Today I am so very sad. The church that we have called our home church for right at 12 years has finally been closed. At first I thought it wouldn't bother me, but I am gonna miss that little building and the few families that were there this last year or so. I have so many wonderful memories there. And sadly part of the reason we fought so hard for it was because of our memories of little John John. Every memory we have of him in church is in that little building.
We have also made the decision to leave here. It looks like we are going to the Tulsa area at this moment...unless god changes our hearts. We have had two places on our minds but we really need to visit to see how we feel.

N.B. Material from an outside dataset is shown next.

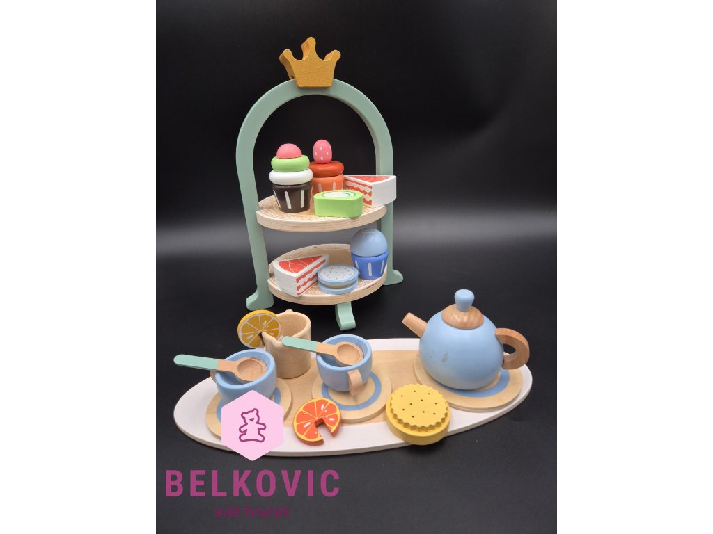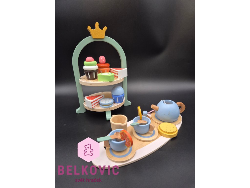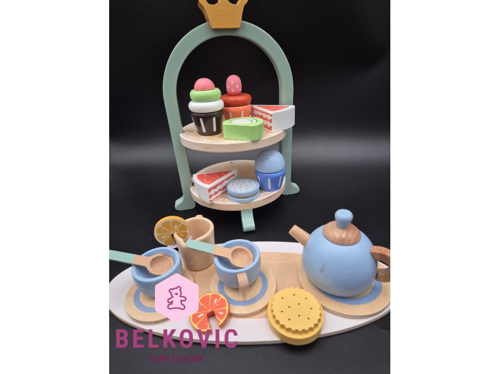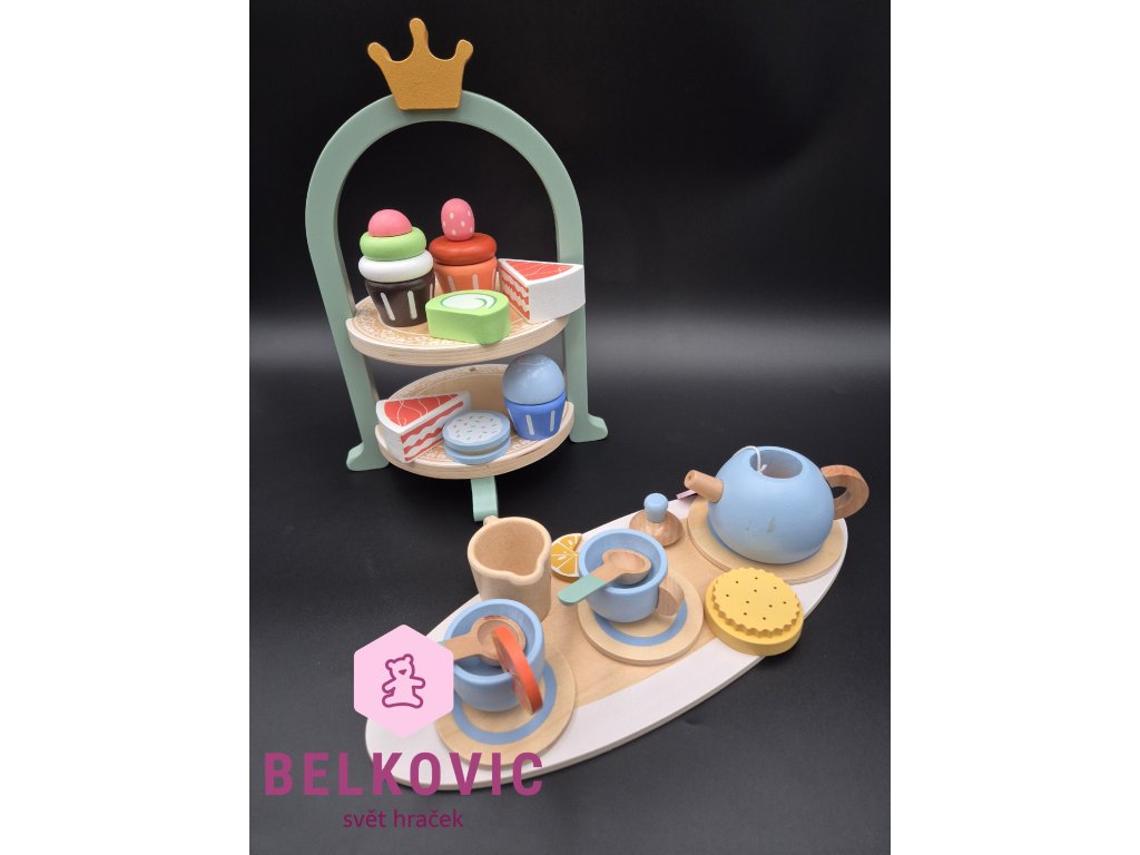 Kouzelný dřevěný set, který promění každý dětský pokojíček v malou kavárnu nebo čajový salón! Na dvoupatrovém podnose s korunkou čekají barevné dortíky, cupcaky a zákusky, zatímco na tácu s konvičkou a hrníčky se servíruje čaj s citronem a sušenkami. Ideální hračka pro společné chvíle, rozvoj fantazie a jemné motoriky.

Anyway that's also hard for me and don't laugh but it's because I feel like I am leaving my boys. I know they are with the Lord but it just feels like I am abandoning them. I don't haardly ever visit their graves, because I was kinda taught not to. But it still feels like I'm as close as I can be. I know that very silly but I can't help my feelings. I don't know if I will even post this because it feels like I'm losing it even to my own ears.

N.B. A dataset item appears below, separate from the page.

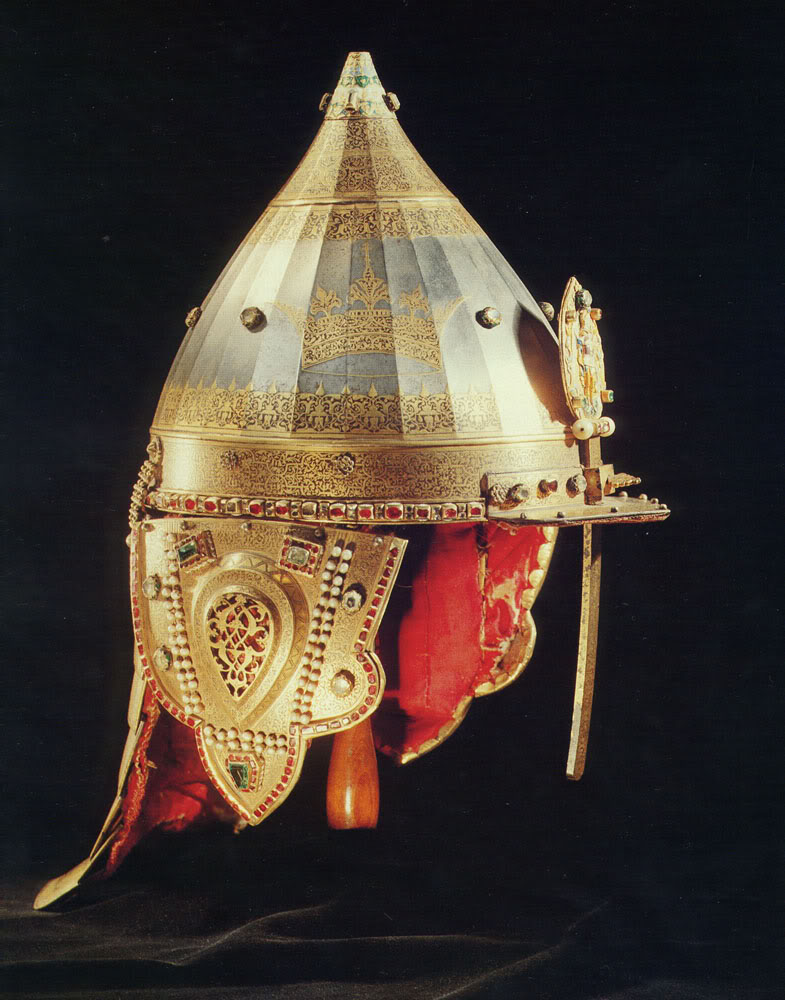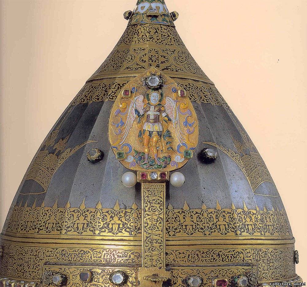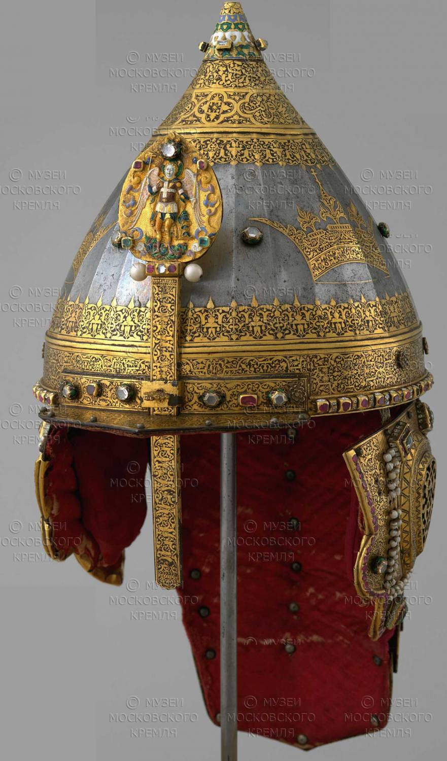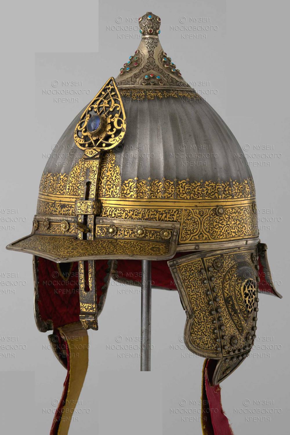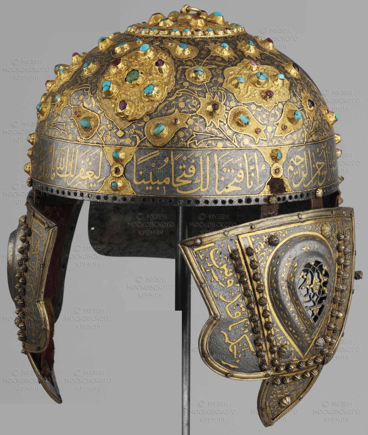 Шелом Ивана Грозного,  предположительно 1547 год. Диаметр шлема 19 см – для головы подростка, Иван Васильевич вступил на царствование в 14 лет. Надпись у нижнего края тульи на арабском языке – "Аллах Мухамед" является сокращенной версией извесной мусульманской молитвы.

Maybe that's why I should post this. I need help right now. I need prayers, I want to be a willing worker of the Lord, I don't want to be weary in well doing. I want to serve the Lord with a smile on my face. I find however that I can't do it without the brethren. I want my newly baptized daughters to be in a place that they can recieve instruction and learn the faith the right way. That they can learn all the things they should do for the brethren. That they can learn to be servants to god and his people. Not that they can't in this place, but I don't feeel like I am close enough to teach tthem at this moment in time. I feel like I have taught them well up to this point but the teachings not over. I just need prayers.